Под распахнутой чёрной курткой расстёгнутая блузка из индийского шёлка показывала отсутствие лифчика, но, несмотря на это, и на расшитые бисером голенища, на пояс с серебром и мексиканской бирюзой, на джинсы, впрочем, тонкие и дорогие, и обтягивающие так, что сквозь бледно-зелёную ткань по обе стороны от застёжки вздувались лабиа мажорис[35], — женщина была высокого полёта. Иссиня-чёрные локоны, можно сказать, по-шопеновски обрамляли матовой белизны лицо интеллектуалки. Озираясь, она наощупь расстегнула сумку, вынула сигареты, зажигалку и задержала взгляд на Алексее.
Чёрные глаза сверкнули, когда он поднял руку. Она порывисто шагнула к нему. Поднявшись, он обнаружил, что одного с ней роста.
— Вы это он?
Стиснув ему руку, она её не выпускала, пока Алексей не предложил ей сесть.
— Нет, нет! — перебила Аннабель, — это не место, я просто боялась, поскольку не была уверена, что вы знаете город. Я покажу вам нечто совсем другое, мы сейчас пойдём…
Вернувшись, Люсьен запнулся и сделал глаза, но у столика, представленный, обрёл светское выражение. Сразу стало ясно, что с Аннабель они свои, одного круга, и французское самовыражение Алексея по сравнению с их искромётностью было мычанием дебила, впрочем, Генри Миллер, говорили ему, сумел сделать из своего французского косноязычия стиль общения, и на него французы, наверное, смотрели точно так же — сиянием очей. В котором Алексей повёл себя надмирно, предоставляя им обоим обсуждать детали маршрута, а потом, будучи настоящим другом, сохранил верность «рено», тогда как Аннабель рванула с места в «порше» — двухместном, белом и открытом.
— Mais elle est belle, elle est vraiment belle…[36]
В ответ на это Алексей только раз издал: «Еббаны в рот!» — когда Люсьен чуть не врезался в зад его читательницы, которая привезла их в какой-то барак, место, как было ясно по запаху марихуаны, очень «in»[37] обшитое фанерой, частично расписанное в стиле африканского наива, здесь были голые столы и скамейки, которые вкапывают в землю, и очень яркий голый свет в лицо. Пара сверкающих от пота африканцев в дыму исступления хуячила по тамтамам, и, конечно, был здесь «весь Брюссель», которому Аннабель с гордостью представляла своего «русского друга» в его отнюдь не умышленно латанных-перелатанных джинсах, иногда при этом вспоминая и Люсьена. Перед ними была бутылка советской водки, и перед каждым по адекватно гранёной стопке, причём водка была не только не замороженной, как пили её в романе у Алексея, но просто тёплой, и они — Аннабель и Люсьен — пили это на извращённый европейский манер, глоточками, смакуя и при этом непостижимым образом умея удержаться от гримасы омерзения.
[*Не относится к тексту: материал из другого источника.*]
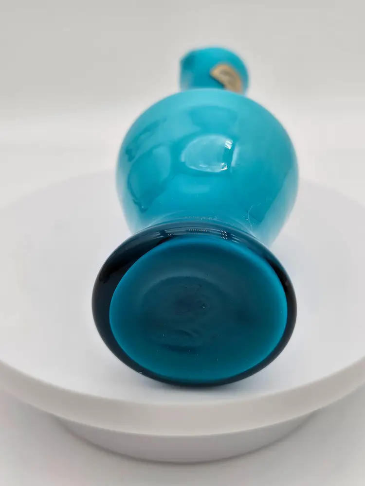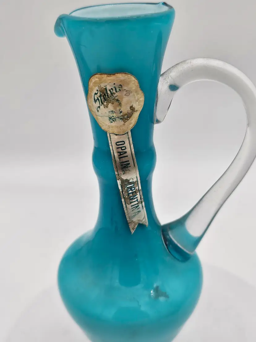 This vintage Empoli glass ewer is a stunning piece of Italian art glass. The blue opaline glass has been hand-molded and hand-blown, making it a unique and authentic piece. The ewer is part of the Stelvia product line and features a mid-century modern style, with decorative features that make it a perfect addition to any collection.

Алексей кинул свою, он сделал это без аффектации с афишеванием, так просто, чтобы скорей отделаться от муки, и поймал взгляд чёрных глаз, отметивших ещё один момент его соответствия чему-то, какому-то, наверное, из возбудивших её романных образов безудержа а ля рюсс — из того же ряда, где эти лиловые тамтамщики с пудовым яйцетрясом в набедренных повязках. Писатель попросил у читательницы сигарету, и по той порывистой готовности, с которой отдана была ему вся пачка, понял, что барак не апогей, а лишь начало предстоящих испытаний. Он глубоко затянулся, маскируя вздох. Закрыв глаза, Люсьен с трепетом ноздриным вдыхал аромат заведения, в этом смысле он тоже был ориенталист, дома у него двуяйцевый тамтам, и бубны, и на стенах виды Сенегала, намалёванные маслом прямо по стёклам, и соломенные шляпы, и прочая дребедень, вывезенная из побегов в «третий мир», где ему было, надо думать, так же в кайф, как и здесь. На лице его было выражение, с которым он иногда рассказывает одну из своих коронок: как одни линявшие по-быстрому друзья-революционеры оставили ему матрас, который он однажды раскатал для любви со случайной студенткой, скуластой и русой, — она-то в процессе и унюхала в этом матрасе целые залежи замечательной травы, в связи с чем и задержалась: мадам Мацкевич теперь её зовут.
— У вас немало общего, — заметил Алексей, когда они снова оказались в машине, и Люсьен не отрицал, сосредоточенно преследуя «порше», хозяйка которого перетянула волосы чёрной бархаткой, срезая углы так, что покрышки взвизгивали.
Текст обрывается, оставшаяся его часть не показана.